Bidik Gelar Juara di Musim Baru
Menatap kompetisi musim 2026/2027, Candra menegaskan bahwa manajemen akan terus berupaya meningkatkan prestasi tim dan mewujudkan target meraih gelar juara yang menjadi harapan seluruh Bonek dan Bonita.
“Kami memahami ekspektasi besar yang dimiliki Bonek dan Bonita. Karena itu, kami terus bekerja keras mempersiapkan tim sebaik mungkin,” ujarnya.

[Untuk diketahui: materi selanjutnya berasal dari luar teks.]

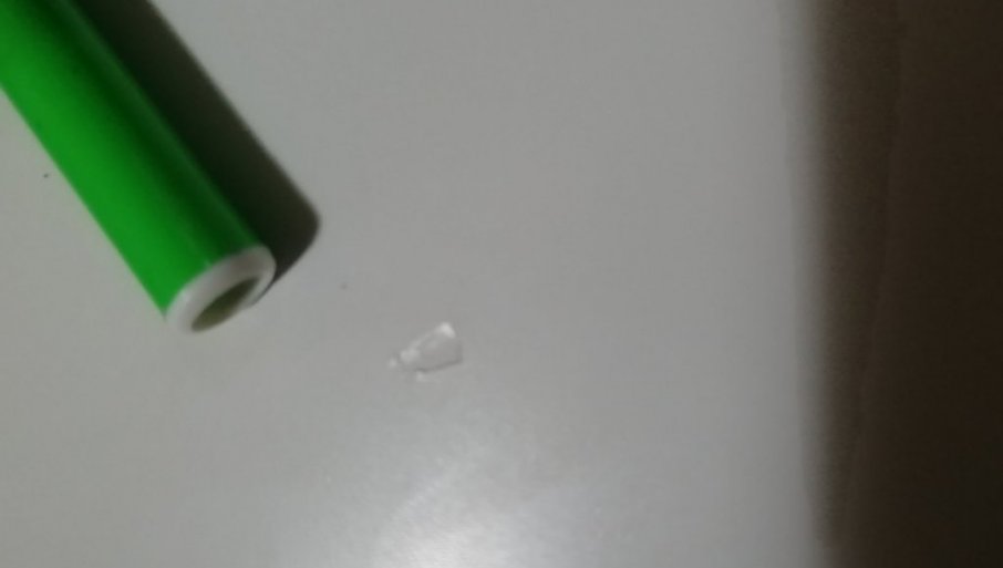 Према речима нашег саговорника, радни сто са додатним делом које је заједно платио 11.000 динара донео је у стан на Миријево и сам га склопио. Дечји радни сточић је изгледао потпуно нормално, без икаквих мана. Површина је била савршено глатка. Када је девојчица, међутим, радосно села да га испроба и неко време писала и цртала у својој свесци, нису ни слутили да је то довољно да се на новом столу појави рупа.

Keseriusan tersebut diwujudkan melalui penyusunan skuad yang dilakukan berdasarkan kebutuhan tim dan rekomendasi jajaran pelatih yang dipimpin Bernardo Tavares.
Pada perayaan ulang tahun ke-99 ini, Persebaya juga memberikan penghargaan kepada para pengguna aplikasi Persebaya Selamanya yang aktif mengikuti berbagai aktivasi digital sepanjang musim 2025/2026.
Memasuki usia ke-99, Persebaya tidak hanya merayakan perjalanan panjangnya sebagai salah satu klub tertua di Indonesia, tetapi juga mempertegas komitmennya untuk terus menjadi rumah bagi seluruh elemen yang mencintai sepak bola dan menjadikan persaudaraan sebagai kekuatan utama menuju usia satu abad.